Which is perhaps why I found that satori moment three years later in New York City. Food, music, love, nature and human connection just seemed to jazz me higher, until all I could feel was a heart full of sublime love and gratitude and a deep trust in the universe.

For around a month, I lived a true dance of oneness and non-separation with the magical city that is New York. I felt grateful for absolutely everything. In those vital days, I realised that spirituality, for me, had as much to do with the heart as the mind. To find flow with life, my heart had to be open, and importantly, I had to be listening for the call.

The call to start yoga soon came. I signed up for an Iyengar class, which I instinctively knew wasn’t for me after 10 minutes, but did leave walking taller and feeling brighter. I eventually found my way into Eryck Brahamania’s and Shira Hess’s kundalini-fused vinyassa-flow classes.

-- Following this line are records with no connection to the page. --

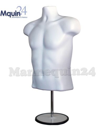 White Torso Male Countertop Mannequin Form (Waist Long) W/ Base For S-M Sizes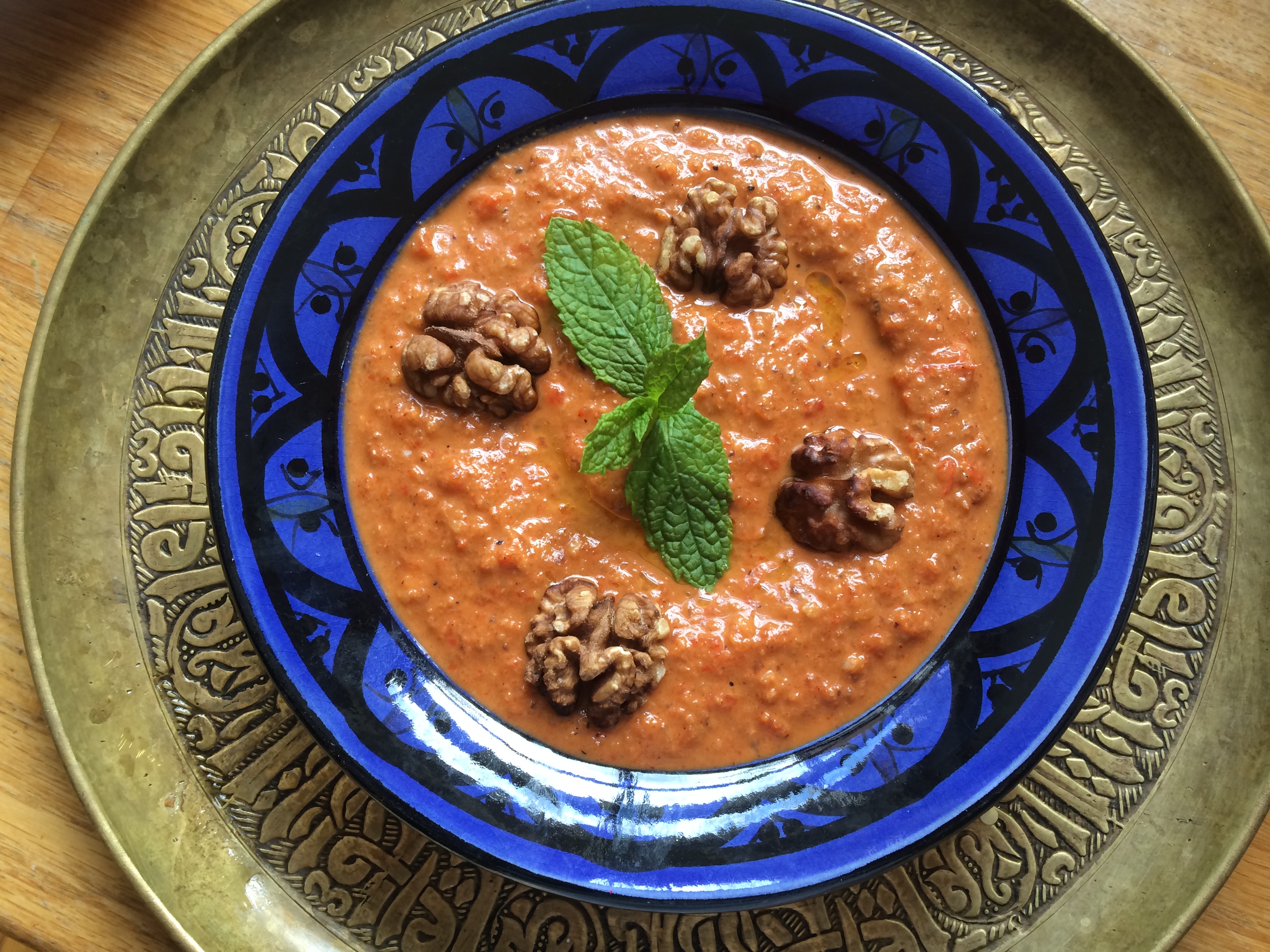 DSC_0937I have been making this slightly spicy dip for years.  My friends have always told me that I have got the recipe wrong.  But they still love it so I have never changed it very much.  The mouhamara you get in a restaurant is very heavy on the walnuts and to my taste a little dry — more like a paste than a dip.  I think I may have got the ingredients mixed up when I first made the dish, as I reverse the main taste from walnuts to peppers.  This makes it much juicier.  As with so many Arab dishes, there are many regional variations — not just from country to country but from one village to another.  One of the most common versions of the dish is Halabi — meaning it’s from Aleppo in Syria.  When I first made this many years ago, I would never have thought that that name — once so pregnant with all that is most precious in Arab history and culture — would become as scarred as my own home city, Beirut.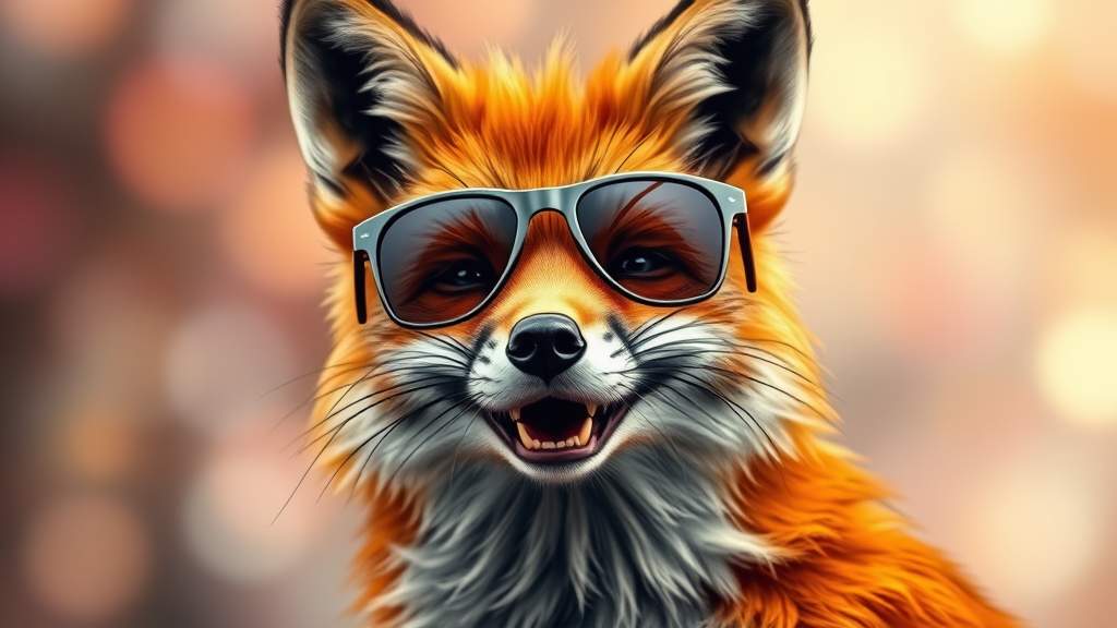 Vibrant and intricately detailed portrait of a charismatic anthropomorphic fox with a weathered, joyful expression, sporting stylish sunglasses. The fox's fur is a rich blend of warm tones, adding to its lively personality. The background is a softly blurred bokeh, enhancing the subject's prominence in the matte painting. The composition is three-quarters, capturing the essence of this lively character, set against a dreamy, abstract play of colors and light.

The journey with Eryck and Shira was so many things: inspiring, amusing, challenging, frustrating, tearful, deeply philosophical, transformative and importantly, very pleasurable and emotionally painful in equal measure. It started a deep process of cleansing and unblocking the knots of trauma that I held in my body. On a more basic level, I realised I had a body and what an incredible thing it was!

Grounded and grateful

I had always been spiritual of course, but my yoga practice gave me more direct awe of the life force that I held and that I was connected to. I remember laying in Savasana feeling so deeply moved and grateful for the morning bird song, or the sounds of children playing, the rustle of leaves outside the window, or even the drilling from the nearby construction site. I felt so much gratitude to be alive in this crazy trip that is being human.

 

My practice took me to India three years later, where I studied with two teachers who opened more doors, further introducing me to the idea of changing the world through quietening monkey mind. I will always remember my precious weeks in Meenakashi Ashram in Tamil Nadu, waking up at 5am to the loud sounds of frogs, meditating quietly and then joyfully singing Kirtan. I felt authentically able to offer my heart in the community without any sense of presentation. A beautiful feeling…

 

What followed as I returned to London was a building of deep self-respect for my physical being. I began to find gratitude in what my body facilitated for me. It allowed me to wake up and see the sun shining through the curtains, it allowed me to prepare and taste the sensations of a yummy breakfast, and it allowed me to unroll my mat and take part in this beautiful yoga practice. And one day, it would grow another human…

 

I began not to seek enlightenment or satori outwardly, in other places, or books, but inwardly. I bowed down to my lungs, my feet, my arms, my eyes and every cell I had been gifted and every breath I was afforded. 

I then signed up for my teacher training with Claire Missingham. It was in this programme that I found white Tantra.   

Finding Tantra and Tantric thought was like putting all the spiritual pieces of jigsaw together. It started with reading the incredible Awakening Shakti by Sally Kempton. I now take my goddesses with me on every journey – long or short. I have since gone on to develop the practice of unwrapping the heart, channelling my intimate goddesses, Lalita Tripora Sundari and Dhumavati. These days, I bow in deep reverence to the divine feminine in all of her abundance. I notice Shakti in every breathtaking essential moment she affords me. I also dive right into pleasure every day and say yes to all my senses as a way of honouring this gift. 

  

You have to bring your whole self on the journey too. I believe in the transformative power of life’s painful moments, and the profound growth they allow if we dare look at them. The wounds inside us are like a compass, a force field, and when we heal them, they spin us to face another direction - the path we were meant to take. Yet we can only do that by knowing them, loving them and being real with them. It’s a surfer term, but you have to dive into the wave to survive it.  

 

Working on our shadow is the highest spiritual work in my view, as it will lead us more strongly and potently into deep love, authenticity and union.